Совсем иначе обстояло дело на Украине. Создавалось впечатление, что парламентская комиссия и государственная администрация находятся вне зон взаимных коммуникаций. Комиссия по расследованию оружейного скандала работала несколько месяцев, говорила, но ее не слышали, в лучшем случае в эфирах ток-шоу обвиняли в украиножерстве.

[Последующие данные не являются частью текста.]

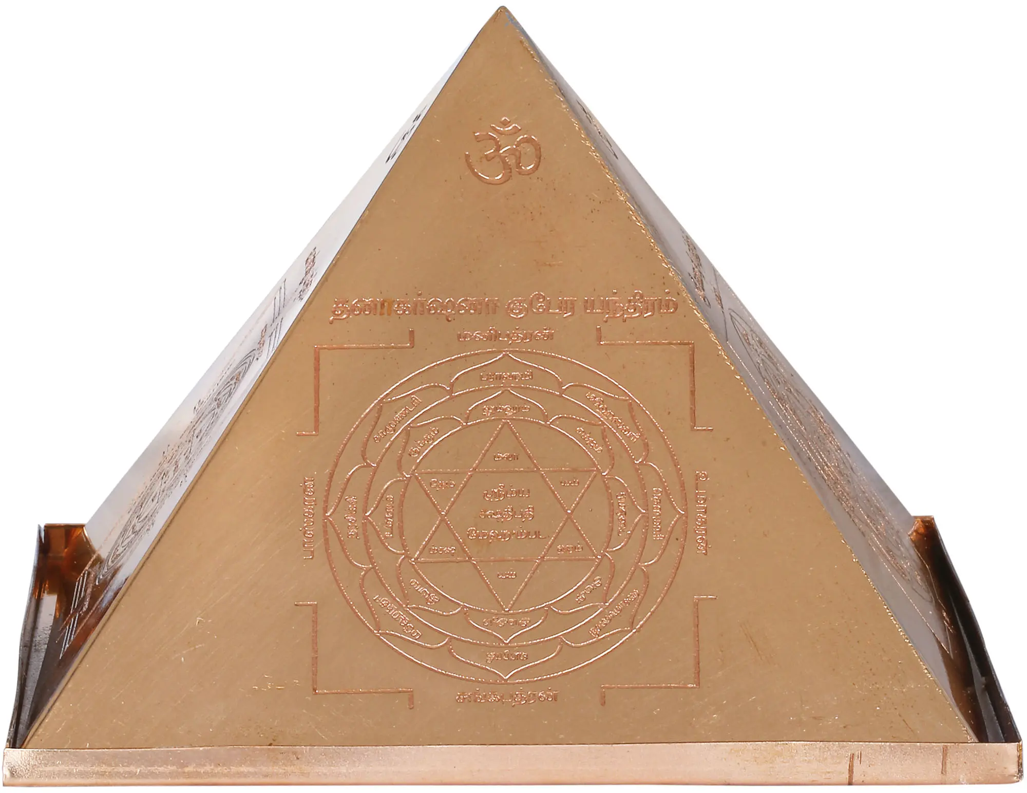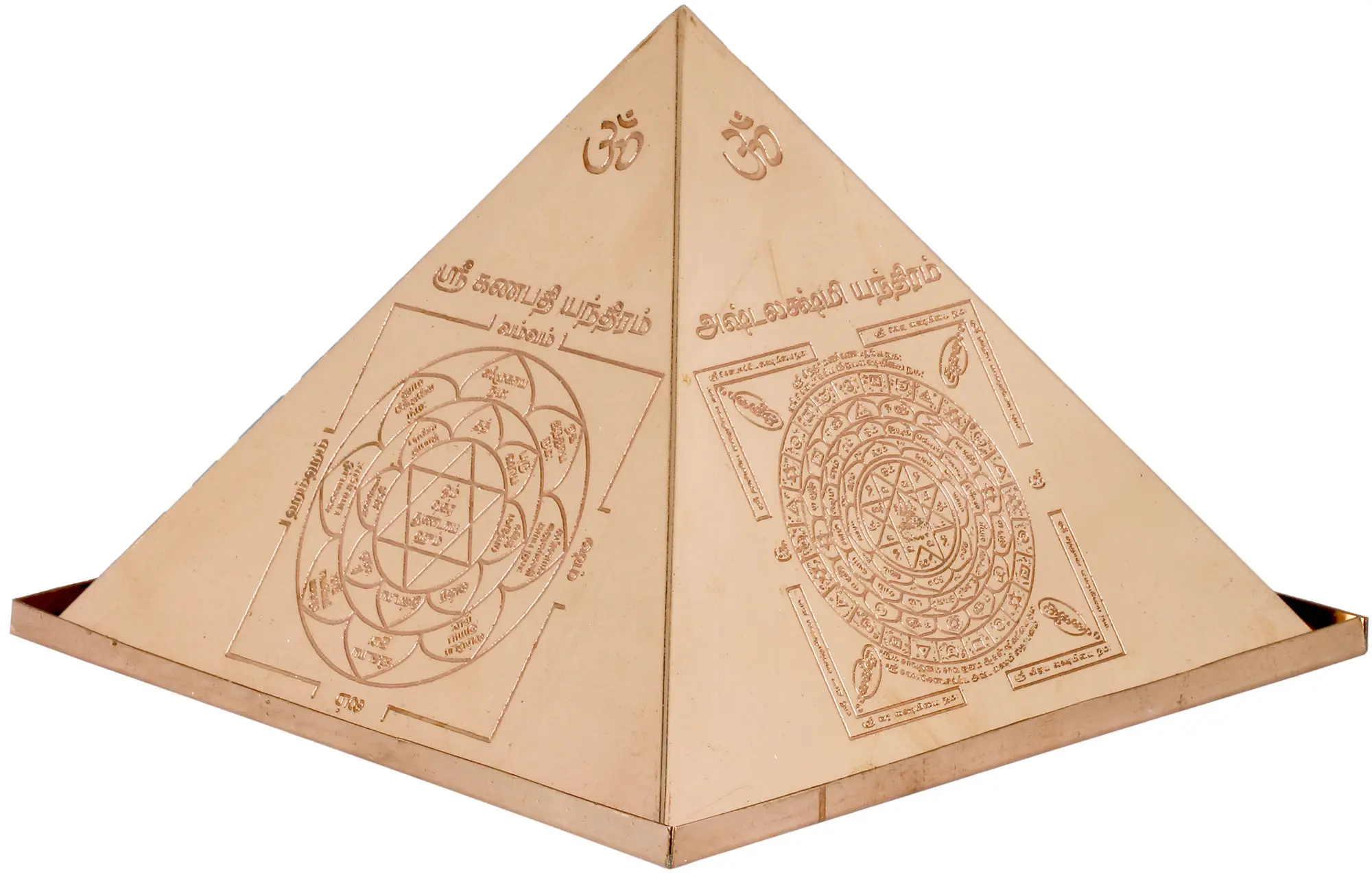 This item is made of copper, a metal highly regarded in Vastu and Ayurveda for its purifying and energy-conductive properties. Each detail, including the inscriptions in Tamil, are thoughtfully incorporated to align with the principles of Vastu. The precision and care taken in its creation ensure that it not only serves as an aesthetic addition to your space but also functions as a powerful tool for harmonizing your environment. The pyramid shape itself is significant, known to amplify and focus energy.

Администрация Ющенко молчала до середины ноября, когда (через три с половиной месяца после войны и через примерно три месяца после начала работы парламентской комиссии) вдруг проснулась СБУ и как дважды два «доказала», что все продажи оружия в Грузию происходили законно.

А как же продажи современного оружия по явно заниженным ценам, как же снятия ЗРК с боевого дежурства? Значит, всего этого не было, выходит, спецслужба уличила членов парламентской комиссии во лжи?

Ничего подобного. Об этих позорных (если они имели место) обстоятельствах СБУ вообще не распространялась. Она просто заявила, что все было по закону. И все. Никаких опровержений будто бы клеветнических обвинений «украинофобов». Никаких доказательств и подтверждений законности. Или, может быть, сегодня на Украине считается вполне законным и порядочным обезоруживать свою армию и продавать оружие по сущей дешевке мелкому амбициозному агрессору?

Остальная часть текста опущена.